* Work task:
In the records below, find the line holding "МЕТОД / МАКСИМЕРА" and the line holding "Am 11. Oktober". Set down both, with every line between them, exactly.

* Data records:
______________________________
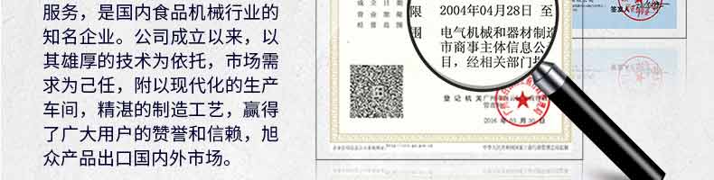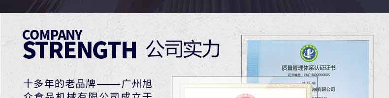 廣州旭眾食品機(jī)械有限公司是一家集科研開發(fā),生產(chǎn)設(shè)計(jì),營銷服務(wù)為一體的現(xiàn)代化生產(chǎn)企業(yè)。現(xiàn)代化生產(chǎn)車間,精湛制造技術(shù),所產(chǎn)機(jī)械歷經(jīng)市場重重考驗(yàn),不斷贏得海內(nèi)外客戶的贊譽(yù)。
______________________________
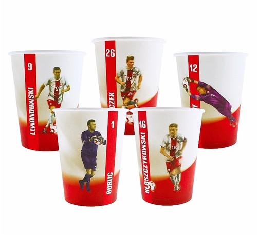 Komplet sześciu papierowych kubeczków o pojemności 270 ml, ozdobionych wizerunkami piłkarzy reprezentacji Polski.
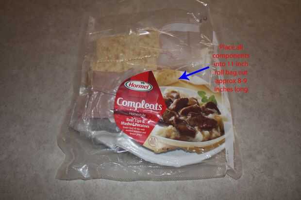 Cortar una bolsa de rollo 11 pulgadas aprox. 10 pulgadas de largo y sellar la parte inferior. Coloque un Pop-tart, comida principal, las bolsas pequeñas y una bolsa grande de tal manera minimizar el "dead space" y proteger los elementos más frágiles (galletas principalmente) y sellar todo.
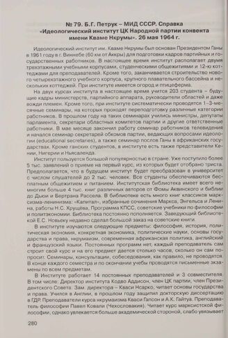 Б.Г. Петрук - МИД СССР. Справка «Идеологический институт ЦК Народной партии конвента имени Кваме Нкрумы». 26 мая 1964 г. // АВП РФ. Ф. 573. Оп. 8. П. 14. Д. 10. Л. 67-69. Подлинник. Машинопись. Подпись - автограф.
______________________________
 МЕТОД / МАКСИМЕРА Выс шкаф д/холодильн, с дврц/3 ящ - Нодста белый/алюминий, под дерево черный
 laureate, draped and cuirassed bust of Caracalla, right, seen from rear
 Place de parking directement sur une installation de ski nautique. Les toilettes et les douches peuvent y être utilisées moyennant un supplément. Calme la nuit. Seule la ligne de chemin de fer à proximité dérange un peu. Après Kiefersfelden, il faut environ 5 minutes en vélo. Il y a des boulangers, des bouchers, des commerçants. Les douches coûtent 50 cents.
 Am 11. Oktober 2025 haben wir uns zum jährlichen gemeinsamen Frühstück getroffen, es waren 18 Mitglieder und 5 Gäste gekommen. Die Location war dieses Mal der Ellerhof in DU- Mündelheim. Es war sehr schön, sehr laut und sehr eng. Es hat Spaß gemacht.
______________________________
* Solution to the problem:
 МЕТОД / МАКСИМЕРА Выс шкаф д/холодильн, с дврц/3 ящ - Нодста белый/алюминий, под дерево черный
 laureate, draped and cuirassed bust of Caracalla, right, seen from rear
 Place de parking directement sur une installation de ski nautique. Les toilettes et les douches peuvent y être utilisées moyennant un supplément. Calme la nuit. Seule la ligne de chemin de fer à proximité dérange un peu. Après Kiefersfelden, il faut environ 5 minutes en vélo. Il y a des boulangers, des bouchers, des commerçants. Les douches coûtent 50 cents.
 Am 11. Oktober 2025 haben wir uns zum jährlichen gemeinsamen Frühstück getroffen, es waren 18 Mitglieder und 5 Gäste gekommen. Die Location war dieses Mal der Ellerhof in DU- Mündelheim. Es war sehr schön, sehr laut und sehr eng. Es hat Spaß gemacht.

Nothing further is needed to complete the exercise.